Leserbrief des Tages: "Österreichs Postenschacherei widerspricht dem EU-Recht"
Um Österreichs Postenschacherei zu beenden ist es nicht hilfreich nur auf Personen und Parteien zu zeigen, sagt Univ.-Prof. Peter Hilpold. Rechtliche Reformen sind schon längst überfällig. Hilpold lehrt Völkerrecht und Europarecht an der Uni Innsbruck. Er ist Autor von zahlreichen Publikationen. Wir bringen unten seinen Leserbrief.

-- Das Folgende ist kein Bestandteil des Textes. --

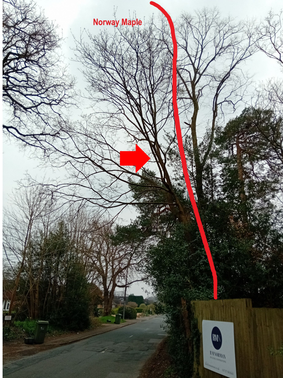
Southern View Potters Lane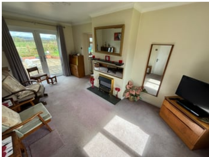
Living Room (Second Image)

16' 9" x 9' 8" (5.11m x 2.95m) with patio doors opening onto rear garden area. Radiator. Telephone and T.V point. Inset electric fire.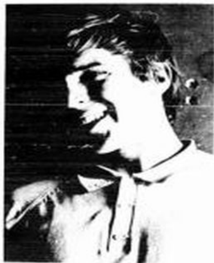
NORMIE ROWE AT FESTIVAL HALL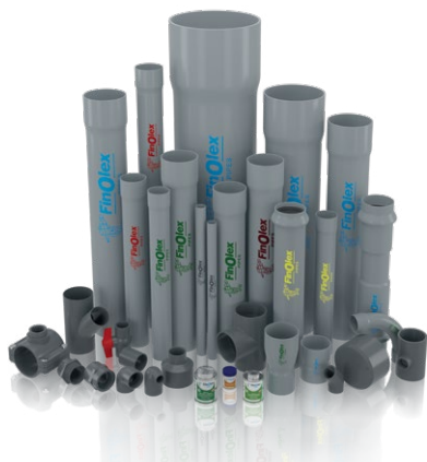
► Agricultural PVC-U Pipes and Fittings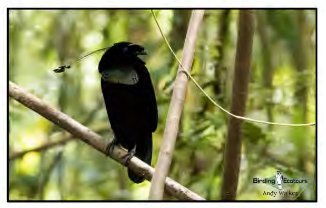
Western Parotia gave us some excellent views.

This <u>Indonesian bird tour</u> visited the West Papua and Southwest Papua provinces and started in Manokwari on the 1<sup>st</sup> of August 2023 and ended in Sorong on the 12<sup>th</sup> of August 2023. During the tour, our birding was focused on the Arfak Mountains and the island of Waigeo. Both areas are rightly world-renowned for their spectacular birds-of-paradise and endemic birds, and our attention was firmly set on finding as many of these jewels as possible. We recorded 211 species on the tour (16 of these heard only – most of these while in birds-of-paradise blinds). Trip lists follow the report. The list of highlights was very long and included 13 birds-of-paradise seen, these were: Wilson's Bird-of-paradise , Magnificent Bird-of-paradise , Red Bird-of-paradise , King Bird-of-paradise , Western Parotia , Crescent-caped Lophorina , Black Sicklebill , Black-billed Sicklebill , Magnificent Riflebird , Long-tailed Paradigalla , Arfak Astrapia , Trumpet Manucode , and Glossy-mantled Manucode .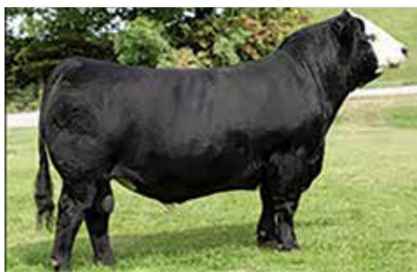
IRCC DLC King George 905G Sire of Lot 28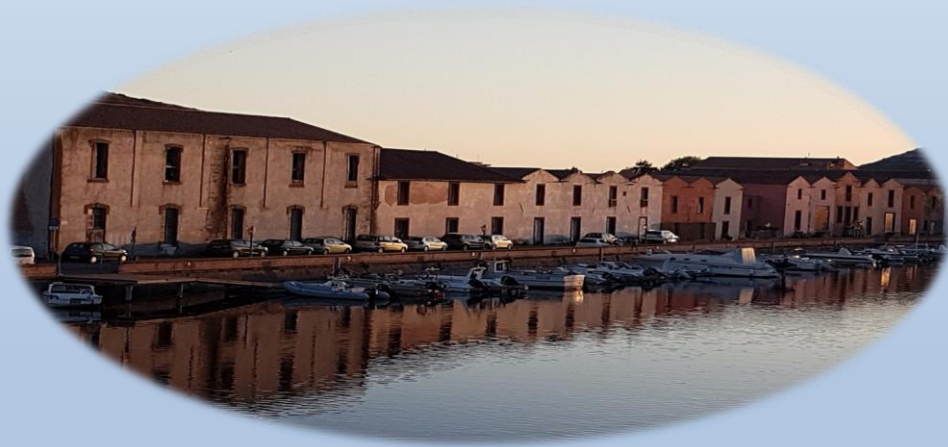
Bosa Tanneries – UNESCO Patrimony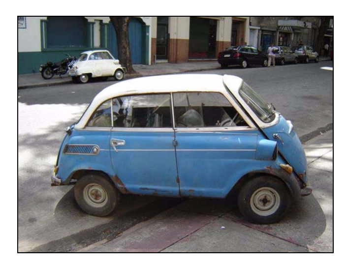
A BMW 600 he recently scored. We need to get in touch with Senor Correa Luna and get the latest body count on his growing car collection.

Wer glaubte, schlimmer ging´s nimmer, wurde am Freitag, 28. Jänner 2022, eines Besseren belehrt: Die Veröffentlichung der „Sideletters“ hat ein Sittenbild offenbar gemacht, das nur mehr zum Schämen ist und uns international bloßstellt.
Europaweit einzigartig: Namen für höchstrichterliche Positionen stehen vorher fest
Sprachlos muss die Nonchalance machen, mit der nicht nur über die Vergabe aktuell offener Führungspositionen geschachert wird, sondern die Verteilung von Macht, Einfluss, Entscheidungsgewalt wird über Jahre hinaus festgelegt. Und am Schlimmsten von allem: Höchstrichterliche Positionen werden schon mit den Namen der zukünftigen Funktionsinhaber etikettiert. Soweit ersichtlich, ein europaweit einzigartiger Vorgang.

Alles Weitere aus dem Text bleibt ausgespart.